Mirren, who portrayed the late monarch on screen in The Queen and onstage in The Audience, called Elizabeth “the nation’s leading lady”.

The prizes – officially the EE BAFTA Film Awards – are Britain’s equivalent of Hollywood’s Academy Awards and will be watched closely for hints of who could win at the Oscars on March 12.

All Quiet, Banshees and Everything Everywhere are all best-picture contenders at the Oscars, where Everything Everywhere has a leading 11 nominations.

Britain’s film academy introduced changes to increase the awards’ diversity in 2020, when no women were nominated as best director for the seventh year running and all 20 nominees in the lead and supporting performer categories were white.

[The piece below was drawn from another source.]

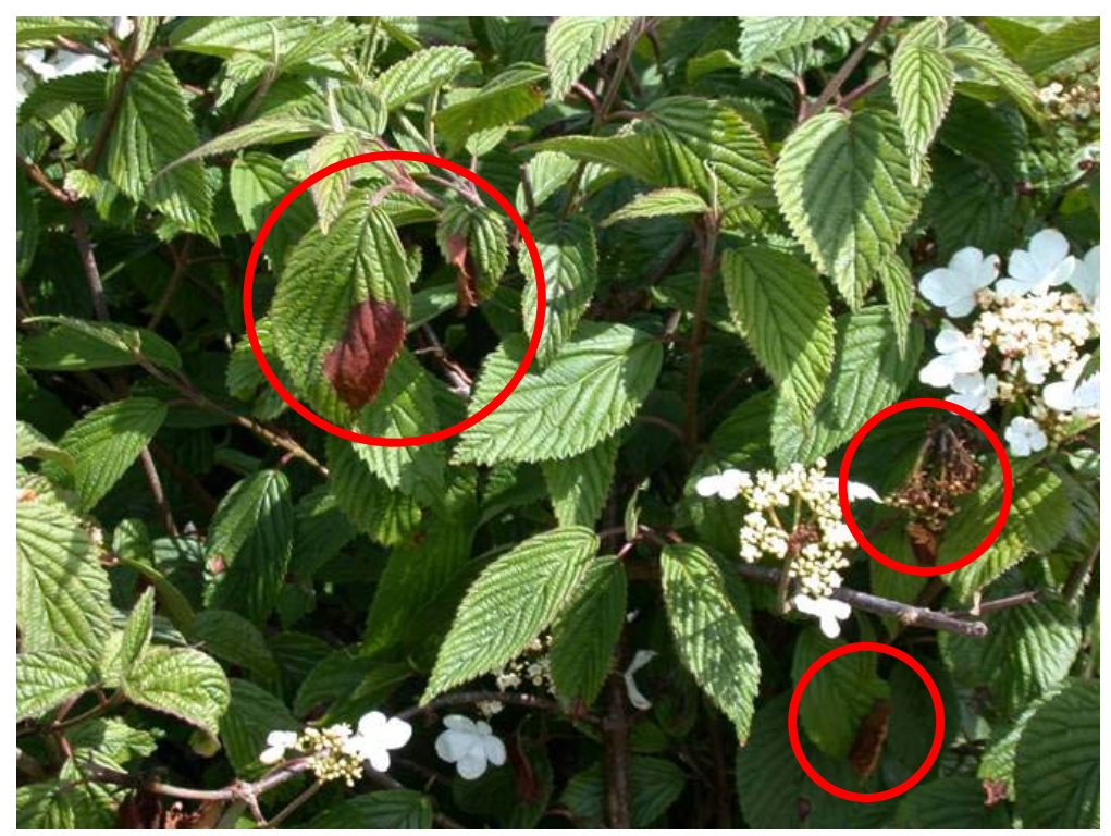
P. ramorum infested viburnum

This year there were 11 female directors up for awards across all categories, including documentary and animated films.

But just one of the main best-director nominees was female: Gina Prince-Bythewood for The Woman King.

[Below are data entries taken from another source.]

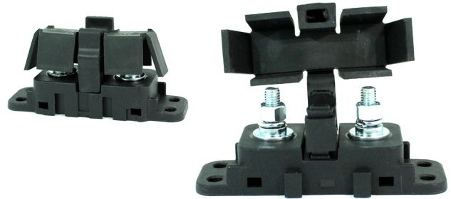
MIDI: WAYTEK # 45610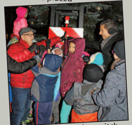
The kids help flip the switch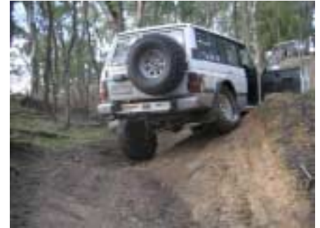
Marysville - June 2004 Toolangi - July 2004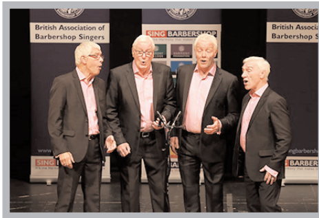
The Amazing Greys - 63.9%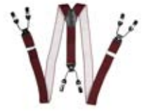
WINE SPOT HTBR03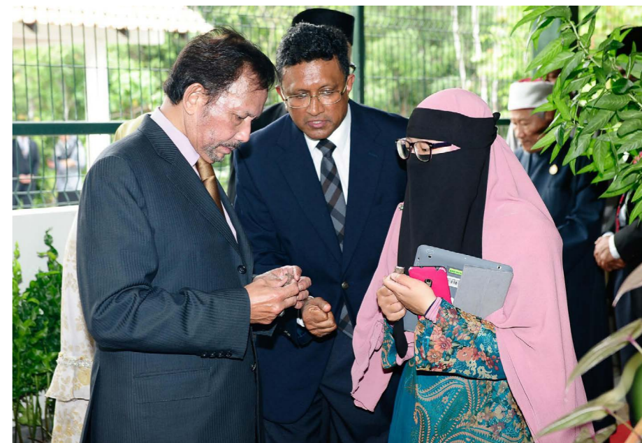
His Majesty being briefed on the plants and trees that grows in an estimated area of five acres of tropical heath forest known kerangas .

university's female hostel and has identified about 200 herbal plants and 100 tree species growing in the estimated five acres of tropical heath forest known kerangas .

Leading actress contenders were Yeoh; Blanchett for Tár: Viola Davis for The Woman King; Danielle Deadwyler for Till; Ana de Armas for Blonde and Emma Thompson for Good Luck to You, Leo Grande.

Blanchett said it had been “an extraordinary year for female performers”.

“To be counted among them is really special,” she said.

The best-actor category pitted Farrell against Austin Butler for Elvis; Brendan Fraser for The Whale; Daryl McCormack for Good Luck to You, Leo Grande, Paul Mescal for Aftersun and Bill Nighy for Living.